Impatient Records

About

For LA Hacks 2020, Office Ally posed a challenge to come up with an algorithm or system to intelligently combine medical records. The records are taken from multiple sources and contain many typos and inconsistencies that make consolidating them very difficult.

To solve this problem, I made use of a hyper-graph database and inference engine called Grakn.AI, along with GRAQL, its specialized, intuitive schema and query language. Storing the data in a semantic graph allows me to create automatic "inference rules" - an additional layer of implied relationships determined at query-time - to help simplify the matching algorithm.

Within my knowledge graph, I modeled several entities (nodes) such as person, address, and account, as well as relevant relations (edges) such as holds-account and lives-at-address. I further leveraged Grakn.AI's hyper-graph capabilities to create higher-order relations (hyper-edges); the patient-record relation keeps track of the original CSV/SQL rows, and the patient-record-group relation groups records that are determined by the algorithm to be of the same person.

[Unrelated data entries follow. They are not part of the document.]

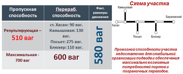 Провозной способности участка недостаточно для стабильной организации подвода и обеспечения максимально возможных потребностей портов и пограничных переходов.
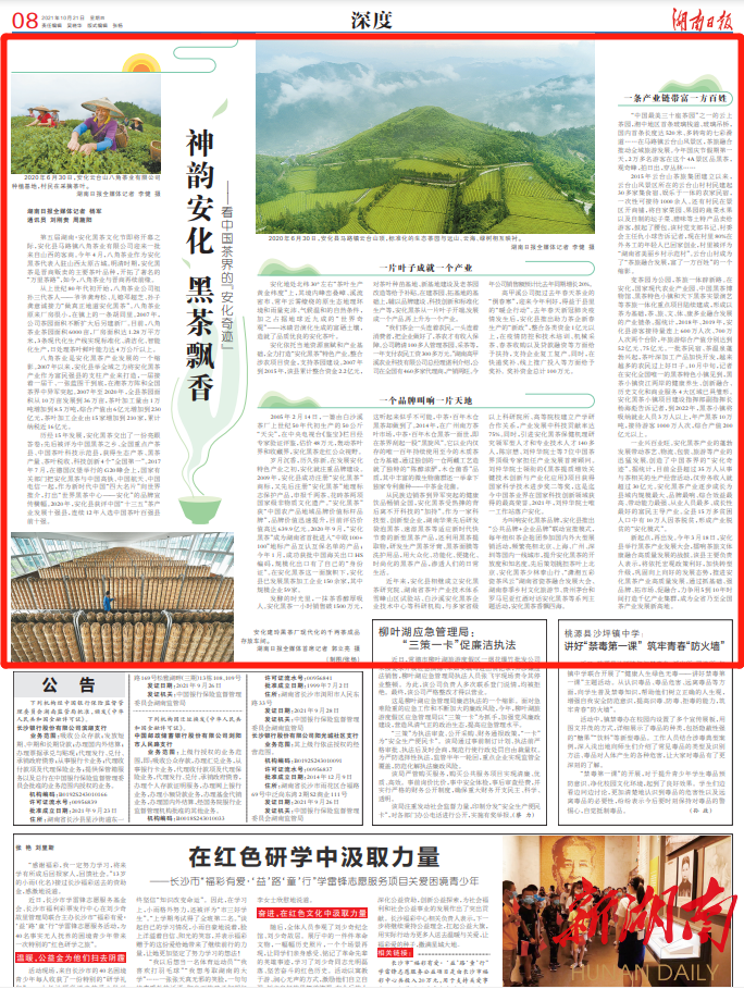 岁月沉香,历久弥新。在发展安化特色产业之初,安化就注重品牌建设。2009年,安化县成功注册“安化黑茶”商标,又先后注册“安化黑茶”地理标志保护产品,申报千两茶、花砖茶两项国家级非物质文化遗产。“安化黑茶”获“中国农产品地域品牌价值标杆品牌”,品牌价值迅速提升,目前评估价值高达639.9亿元。2020年9月,“安化黑茶”成为湖南省首批进入“中欧100+100”地标产品互认互保名单的产品;今年1月,成功获批中国海关出口HS编码,规模化出口有了自己的“身份证”。在安化黑茶这一面旗帜下,安化县已发展黑茶加工企业150余家,其中规模企业59家。
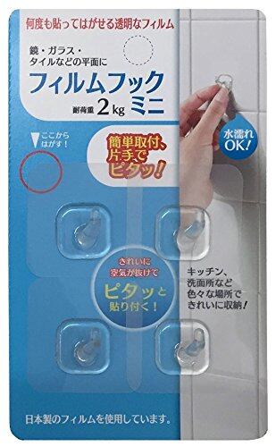 鏡・ガラス・タイルなどの平面に何度も貼ってはがせるフィルム一体型フック。
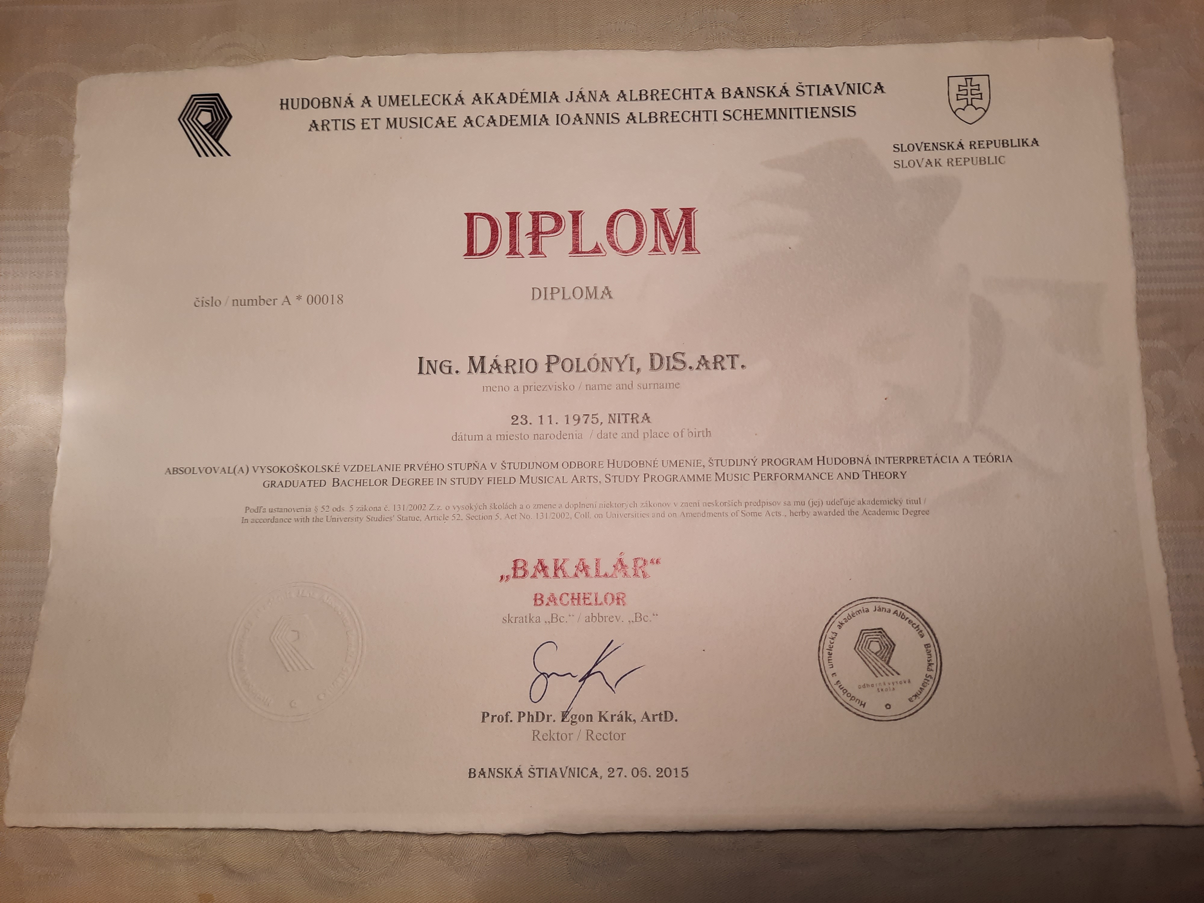 I completed my bachelor bass guitar studies at Ján Albrecht music and art academy Banská Štiavnica in 2016 and my master degree composition studies at the University of Performing Arts in Bratislava in 2023. Between 2001 and 2006 I was working as a guitar and bass guitar teacher for Musicana, a private musical academy in Bratislava. In 2016 and 2017 I was working as a bass guitar teacher in the Private Conservatory of Dezider Kardoš in Topoľčany, Slovakia. Since 2024, I've bee working as a guitar teacher in Art Pegas, en elementary music school in Bratislava. During all these years, I was also giving private music lessons.

I also created a set of Python scripts to import records from a CSV file into the knowledge base, clean and standardize the data, and facilitate the group matching algorithm.

Getting Started

Clone the repository at https://github.com/darrylyeo/LAHack-2020.

Run install.sh (or the equivalent commands for your computing environment) to install the project dependencies, including Java 1.8, Grakn.AI Core, and the Grakn.AI Python client library.

Next, run run.sh. This will instantiate a local Grakn.AI database using the .gql schema found in the database/ directory, then automatically import the data found under the sample-data/ directory.